Your success is dependent on revenue. Of course. How else can you pay the bills and be profitable? Unless you’re Twitter, you can’t.
In the short term revenue is essential. It fuels your activities, and it’s the result of your activities, but it’s not your business. Solving customers’ problems is. And business innovation is key to finding new solutions for their problems as they see them.
Consider an example from the famous 1960 HBR case, Marketing Myopia, by Theodore Levitt. For buggy whip manufactures, early in the 20th Century, revenue depended on selling buggy whips. They thought that this, the manufacture and sale of buggy whips, was the business they were in. Well they weren’t. They were in the motivation business.
Consider a more recent example. Rolodex is a well known brand. So well known it became generic for contact list.
“She has a killer Rolodex.”
Their success was built on the manufacture and sale of address storage products. So they thought, “We are in the address storage and organization business.” Or perhaps it’s the office supply business, or perhaps … it’s a little hard to tell, from their web site, exactly what business they think they are in.
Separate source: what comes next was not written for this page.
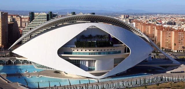 “This ultramodern arts complex, grafted onto the City of Arts & Sciences, has four auditoriums and enticing levels of plants poking out from under the ceramic exoskeleton.”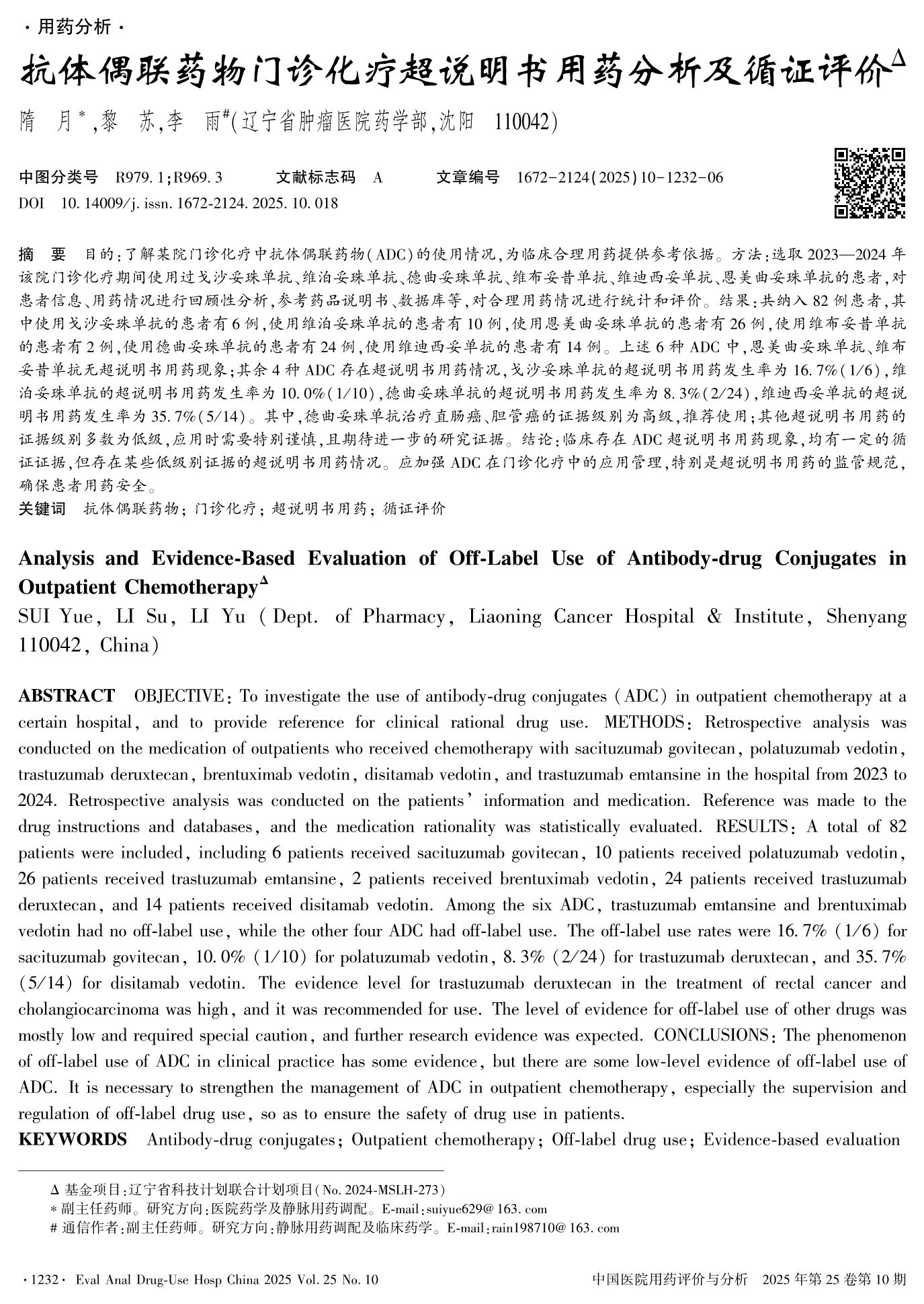 Analysis and Evidence-Based Evaluation of Off-Label Use of Antibody-drug Conjugates in Outpatient Chemotherapy

Rolodex needs to innovate and extend their powerful brand into the new emerging channels. But the tyranny of revenue, the constant scramble for more sales from current products, doesn’t allow them to see that they were in the connection business. The result, they’ve been eclipsed by LinkedIn and Plaxo.
Hip Shots
- Understand your products from your customers point of view. What’s their problem? How are you solving it? Use business innovation to develop new products and business models to solve their problems.
- Embrace emerging channels and technology. Don’t bet the farm but don’t ignore them either. Watch them carefully, put a toe in early and often, and objectively consider how you could use what’s new to do a better job solving your customers’ problems.
- Ask your most creative managers, or go outside and ask a creative consultant how they would break your existing model. What would they do if they wanted to attack your base business. Then launch the attack yourself.
- Carve out a budget that isn’t revenue dependent and use it to fund innovation efforts. Treat this money like it’s a fixed or capital expense that must be spent. Because it does.